On taking the top job Blanc indicated she was willing to shake things up, perhaps even ready for a ruck.

Origins

That is no joke. In addition to her other achievements, Blanc, born and brought up in the Rhondda Valley and the descendent of Welsh miners, is chair of Welsh rugby’s Professional Rugby Board.

While clearly a cheerleader for a game of hard knocks, Blanc has shown no small amount of finesse in her career. After a history degree at the University of Liverpool and an MBA from Leeds, Blanc joined Commercial Union going on to work as a fleet and casualty underwriter, eventually becoming the youngest employee—and first woman—to manage a branch.

Other jobs included spells with EY and Axa where she was a regional director. A move to Groupama, the French insurance brand, followed then another to Towergate Insurance where she led the retail broking division. Then came a return to Axa in 2011 to lead the commercial division and win the Insurance Times’ CEOs’ CEO of the Year Award.

In 2018 she because Zurich’s chief executive EMEA, but left a little over a year later in a resignation that caused a minor quake through the insurance industry.

Challenges

Now she leads Aviva, a business with a better-than-expected £1.39bn operating profit in 2019 but a share price, at 300p, that is well below the highs of 420p at the beginning of the year and a long way from the 544p peak of 2018. Though it is worth noting that the share price is up since Blanc’s appointment.

Blanc has already begun the process of change. She recently announced a deal to sell a £1.6bn majority stake in Aviva’s Singapore business and, according to many reports, City analysts expect more big changes to follow.

One issue Blanc will have to contend with is whether the Covid-19 pandemic will produce an avalanche of insurance claims

And while she works out the future of Aviva, she also has strong views on other topics, not least women in business. In a CNBC interview she said that so far only the “easy” things had been done to tackle diversity and gender disparities. Companies should be prepared take a “risk” on women leaders, she said, especially when they to turn to work after years away raising children.

In an interview with The Independent she said: “It’s like there is no room for error for women,” and argued that “diversity changes things for the better”.

“If you look back to the financial crisis of 2008, one of the main criticisms was, that around the boardrooms, everyone was the same. They indulged in group think.

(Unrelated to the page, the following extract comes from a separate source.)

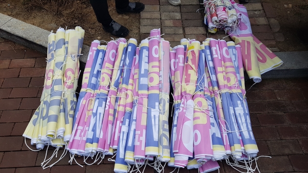현수막은 끈을 포함하고 명함은 100매 단위로 묶어서 매주 화요일 주민등록상 거주지 읍면동에 제출하면 된다.
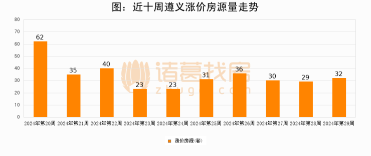 从调价房源来看,第29周遵义涨价房源32套,较上周上涨10.3%。与此同时,29周涨价房源占比回落0.26个百分点,业主信心小幅波动,购房者可则需入市。

“The only way you can get away from group think is to introduce greater diversity, whether that is by age, gender, ethnicity or whatever. It doesn’t really matter,” she said.

One issue Blanc will have to contend with is whether the Covid-19 pandemic will produce an avalanche of insurance claims. Recent court hearings suggest businesses are entitled to support, though insurance initially resisted.

Looking at the past we can see how Blanc might approach current issues. In a previous role as president of the Chartered Insurance Institute she was acutely concerned that the reputations of financial services firms were in the gutter following a number of scandals. At the time she said being “professional” was an “inherent duty”. She added she was on a “crusade for morality” in insurance. She may need that mindset yet again.